We’re currently in the process of applying for an entertainment license for the brewery. This means we’ll be able to host gigs and bigger events. It requires jumping through a lot of hoops, but we’re nearly there.
When we got our license through Court for Bullhouse East in the summer, we effectively had a veto on anyone else coming into the area. We were asked if we’d like to veto Boundary’s license application. We rejected this offer to suppress innovation and stifle competition, much to the surprise of the solicitor given the vultures that operate in the licensed trade in NI. Competition isn’t something to be feared, it helps keep innovation alive and helps create better venues for the whole community.
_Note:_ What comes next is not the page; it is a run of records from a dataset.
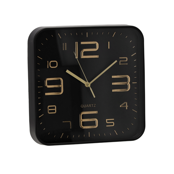ZEGAR WISZĄCY KWADRATOWY 30,2 x 30,2 x 4,3 CM CZARNY ZE ZŁOTYMI CYFRAMI *4696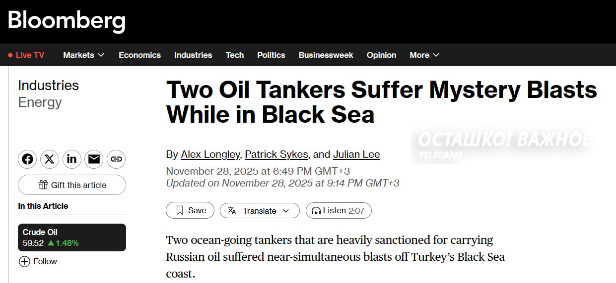 У берегов Турции подорваны два танкера «теневого флота» России — Bloomberg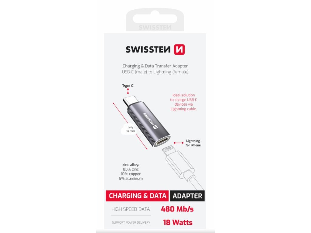 SWISSTEN NABÍJECÍ ADAPTÉR TEXTILE USB-C (samec) / LIGHTNING (samice) STŘÍBRNÝ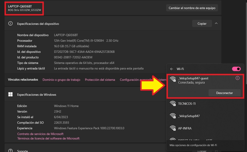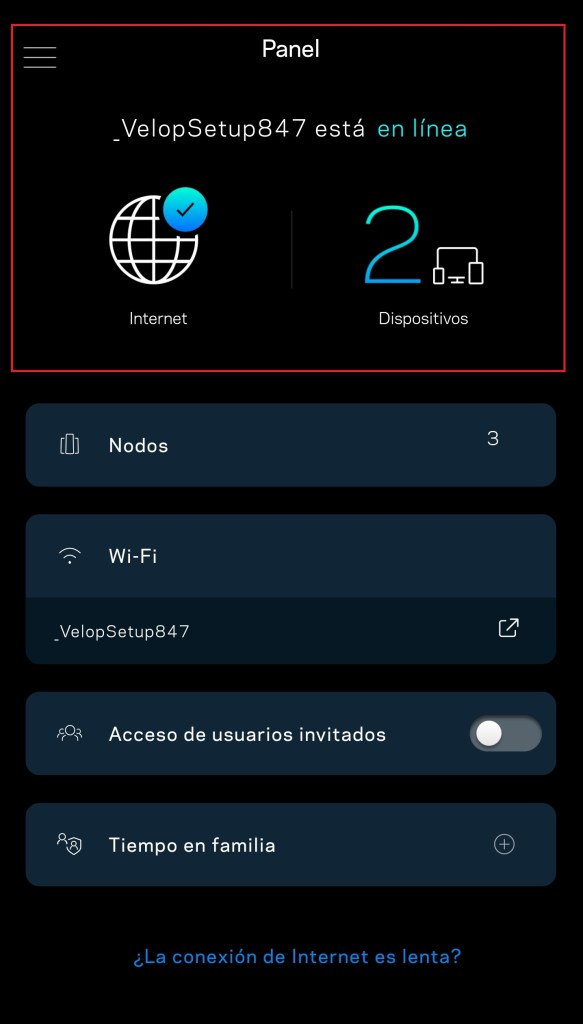 Desde el panel principal de la aplicación de Linksys ingresamos a “Dispositivos” y podemos ver que ya nos parece conectada la computadora y está ubicada en el área de red de invitados.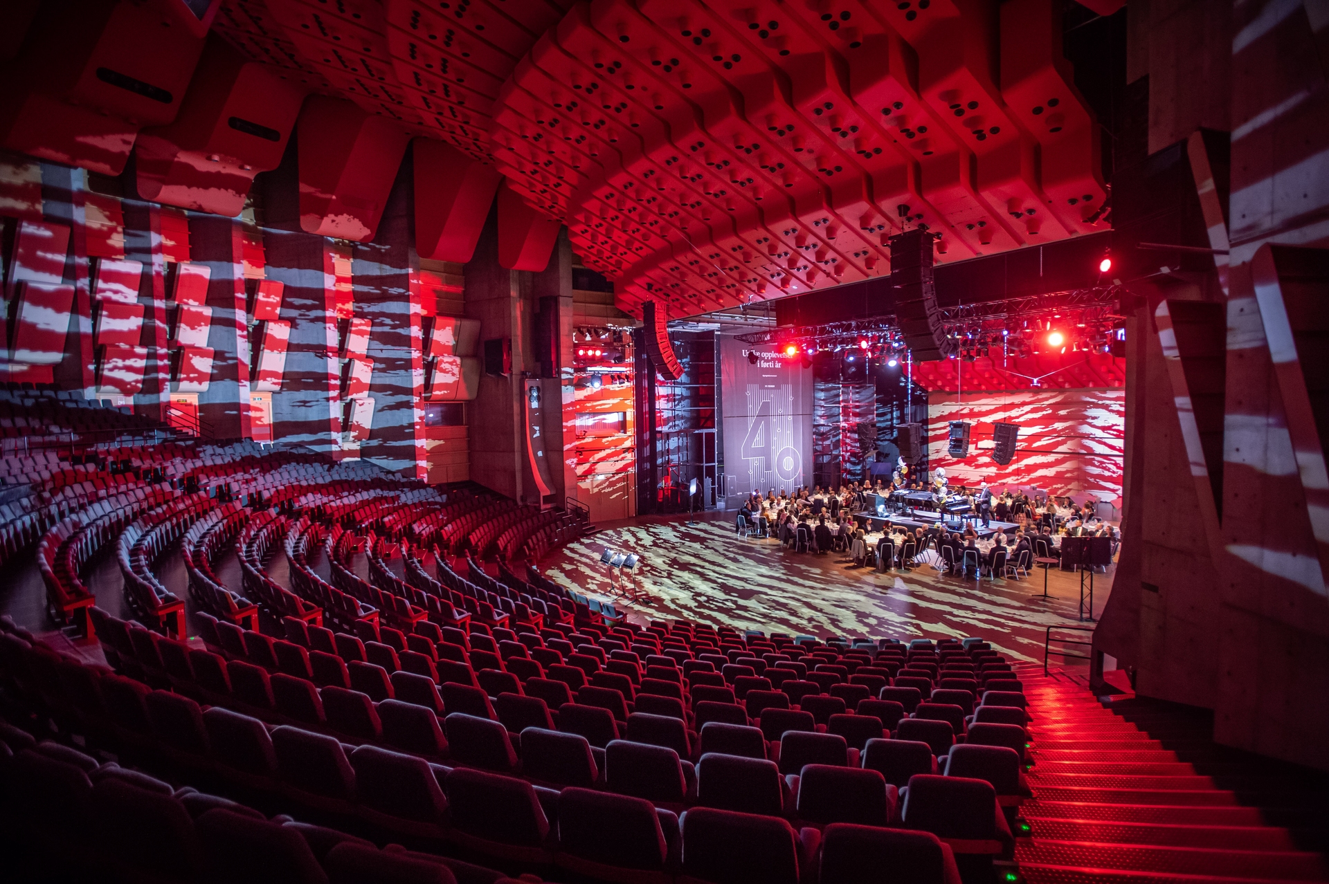 Scenen i Griegsalen kan benyttes til banketter og events. Scenen kan også skilles fra Griegsalen og fungerer da som et fullverdig møterom.
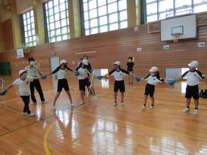 今回の集会は、児童会推進委員の6年生が中心となり、団や班のチームワークや絆を深めるための集会でした。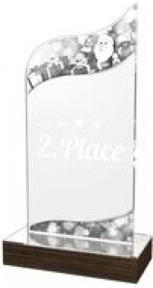 Akrylátová trofej na dřevěném podstavci se stříbrným akrylovým zrcadlem.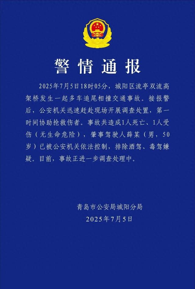 青岛一高架多车追尾,致1死1伤!薛某(男,50岁)已被控制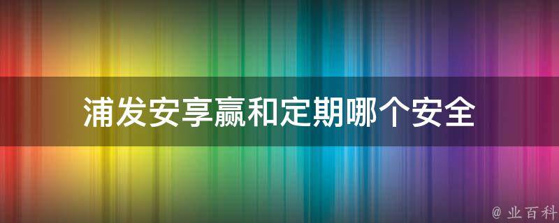 最佳答案定期安全。浦发安享赢是一款非保本浮动收益型理财产品,其本金不保证,但具有较高的收益潜力和较低的流动性,适合追求较高收益的投资者。定期是一种较为保守的理财产品,其本金是保证的,具有较高的保本性和较高的流动性,适合风险偏好较低、稳定收益的投资者。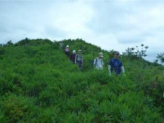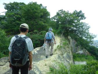 しばらく登ると岩の尾根になる。事前に調べた情報ではすごく危険な岩場で・・・と記されていた。危険とあってザイルを持参したが、それを使用するような危険な箇所はなかった。 |

With the election coming up, we're firmly of the belief that the Executive missed a massive opportunity to reform licensing legislation, instead making minor tweaks and kicking it down the road. We received some great cross party support from individual MLAs during our campaign for a radical overhaul, from the likes of Rachel Woods (Green Party), Matthew O'Toole (SDLP), Kellie Armstrong (Alliance), Andy Allen (UUP) and Jonathan Buckley (DUP). When they're on your doorstep asking for your support, we'd really appreciate it if you could ask their opinion on the current licensing legislation and whether they support the removal of the 'surrender' principle. This is the main reason why we can't have nice things in NI.
For some light at the end of the tunnel, Bullhouse East is nearing the final stages of construction. It’s been a much bigger project than initially anticipated. Essentially the building structure wasn’t in great shape, so that any structural alterations have taken much longer than we planned for. Add in Brexit / The Protocol, Covid and now the war in Ukraine, everything costs a lot more and takes a lot longer.
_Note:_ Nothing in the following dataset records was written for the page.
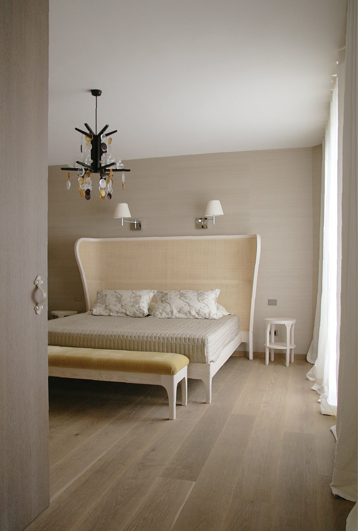 Elegant and timeless, this pied à terre apartment offers a serene retreat for its owner. A color palette reminiscent of nature, bleached oak floors and walls, natural fibres, and a carrara marble bathroom convey a non-ostentatious luxury feeling. Rooms open onto the Mediterranean terrace, planned like an outdoor living and dining room.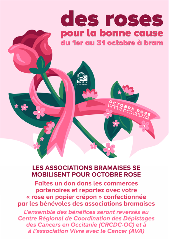 A l’occasion d’Octobre Rose, le mois dédié au dépistage du cancer du sein, plusieurs associations bramaises s’unissent et se mobilisent pour la bonne cause en organisant une action caritative, en partenariat avec l’association chaurienne Vivre avec le Cancer (AVA) et le Centre Régional de Coordination des Dépistages des Cancers en Occitanie (anciennement ADOC11).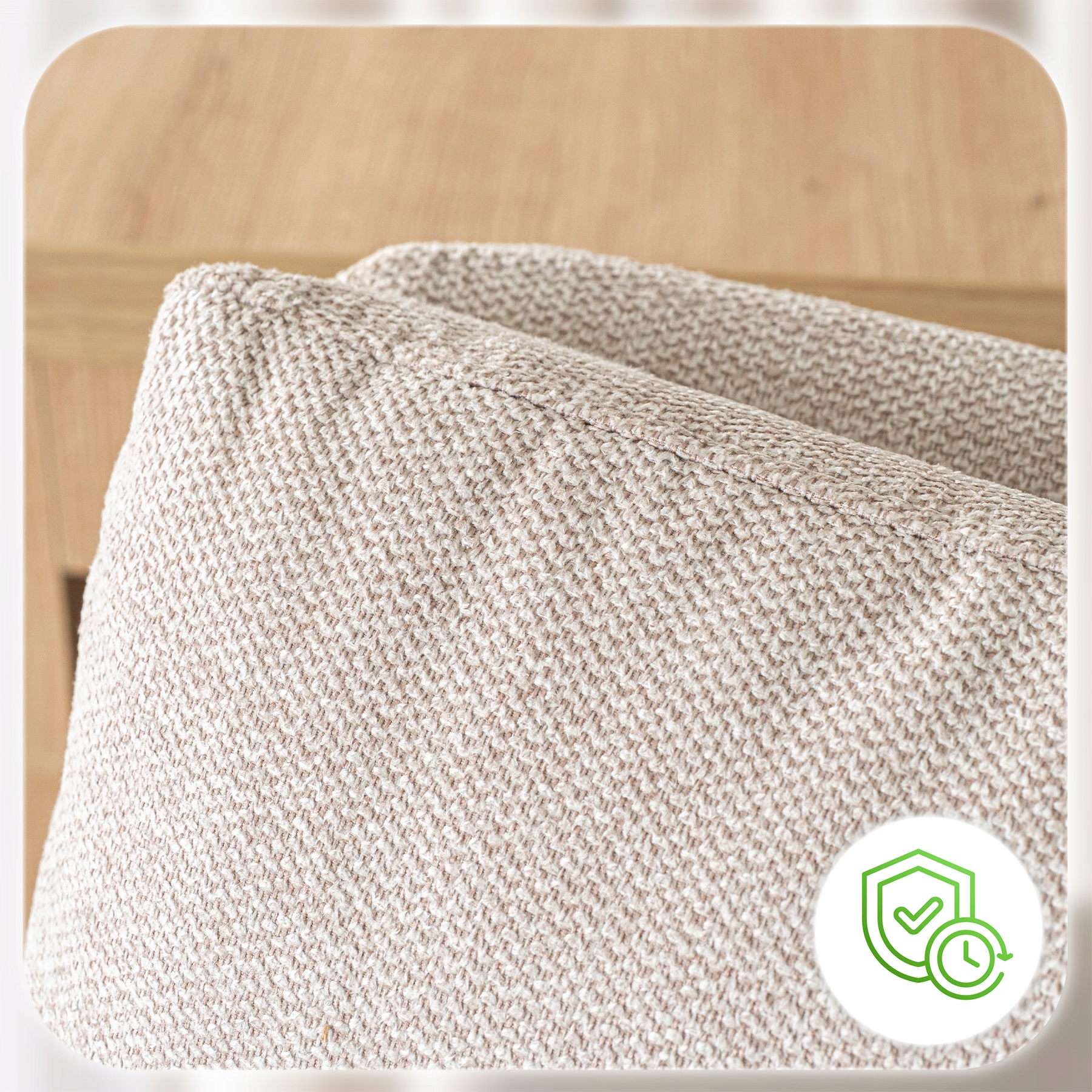 - Wysokiej jakości tkanina tapicerska – przyjemna w dotyku, trwała i łatwa w utrzymaniu czystości.

We’re currently waiting on the motors for the ventilation system, which are due to arrive on 6th April. This is holding everything up, but the building work will be finished in April. Before you begin trading, the Judge needs to give final approval. Because we missed the 1st April court date we’re now in to the end of April / start of May for the next available date.
We’ll be posting more photos on the Bullhouse East socials in the coming weeks. It’s been a pretty hectic time here but we’re really looking forward to getting the doors open and putting 20 fresh beers on and welcoming in the whole community.
Finally, we’re putting a hand pull in the Bullhouse East. We’ll try to do our own cask from time to time, but we’re hoping it’ll mainly be for pouring fresh pints of Ards Brewing, in homage to our Ards roots, but also because we’ve always been big fans of Charles and his beers, and they work wonderfully well on cask.
We got a new hand pull for the taproom this weekend, and we’ve already tapped and vented a fresh cask of Small Axe. Because we’re still allowed to give beer away for free without a license, we’ve decided to open the brewery for 2 hours this Saturday (2nd April) from 4pm-6pm. We have one cask (72 pints) which will be served on a first come first serve basis, in proper glassware.
We won’t be accepting any payments, but we will be encouraging donations to the UNHCR Ukraine Emergency Appeal, if you’d like to contribute in some way.